フラット35の団体信用生命保険加入は任意

銀行等の住宅ローンには団体信用生命保険の保険料は含まれています。
反対に言えば、健康上問題があって団体信用生命保険に加入できなければ、銀行等の住宅ローンを借りることはできないということです。

一方、住宅金融支援機構のフラット35は団体信用生命保険の加入は任意です。
健康に問題があって団体信用生命保険に入れない方でも、フラット35を借りることは可能です。

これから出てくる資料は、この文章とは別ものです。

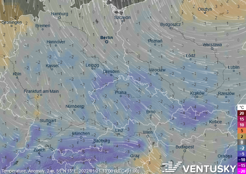 Odchylka teploty vzduchu v pátek 21. ledna odpoledne vůči průměru 1981-2020 - vrátí se průměrné až lehce podprůměrné teploty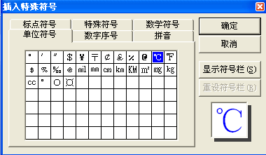 ②在“单位符号”中即可找到你想要的“摄氏度”符号了。

それでも亡くなった後に住宅ローンの支払い義務が残ると家族等の負担になりますから、通常は団体信用生命保険には加入することになると思います。






住宅ローンの返済期間を全てカバーしているかを確認

その団体信用生命保険の代わりに民間の保険会社の収入保障保険などを使う方法もあります。
とくに保険営業や保険代理店の方が、この方法を提案する機会が増えてきています。

たしかに保険料水準の安い保険会社の商品を使ったり、タバコを吸わない、健康であることなど一定の条件を満たせば、団体信用生命保険よりも保険料が安くなることがあるのでメリットはあります。
しかし、この提案に住宅ローンの返済終了までの期間を満たしていないケースが散見されます。

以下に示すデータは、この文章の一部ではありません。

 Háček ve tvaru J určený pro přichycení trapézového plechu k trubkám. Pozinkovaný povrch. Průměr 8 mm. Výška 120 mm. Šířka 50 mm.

なかには団体信用生命保険よりも保険料負担を少なくするために、意図的に保障期間を短く設定して「退職金で繰り上げ返済をすれば大丈夫」という提案を行っているケースがありましたが、今の日本は転職も増えており、また、退職金を当てにできる時代ではありません。
金利水準の低下で期待されるような退職金がもらえないことも十分に考えられます。

最初から退職金を当てにした住宅ローンの返済計画にはリスクがあります。

そのため住宅ローンの返済期間を全てカバーできているかどうかを確認して、その上で団体信用生命保険を使うのか、それとも民間の生命保険を使うのかを判断するようにしましょう。


相続放棄で自宅を手放すケースも

先日受けたご相談の中に、ご主人(60代)が突然亡くなられてしまった方がいらっしゃいました。
弁護士に相談をされた後にファイナンシャルプランナーを探して、私のところに今後のことを相談にこられました。

ご主人の在職中、勤めていた会社の経営が厳しくなりボーナスなどもほとんど出なくなってしまい、退職金での繰り上げ返済どころではなくなってしまったとのこと。
フラット35のローン支払いが残ってしまい、自分の年金だけでは到底住宅ローンの返済をしながら生活をしていくことは困難というケースです。
まだ住宅ローンの残高が多く残っていて、嫁いだ娘達に協力を仰いでも厳しい状況。
そのため相続放棄をして、自宅(マンション)を含めた財産を手放す方向で弁護士と話しをされていました。

突然連れ添ったパートナーを失っただけでなく、長年住んでいた家を離れなくてはいけないのは、大変悲しいことだと思います。
そのようなことにならないためにも、住宅ローンの支払いが終わる期間まで、万一の保障が確保できているか、また保障が足りているかどうかについてはしっかりと確認をしておきましょう。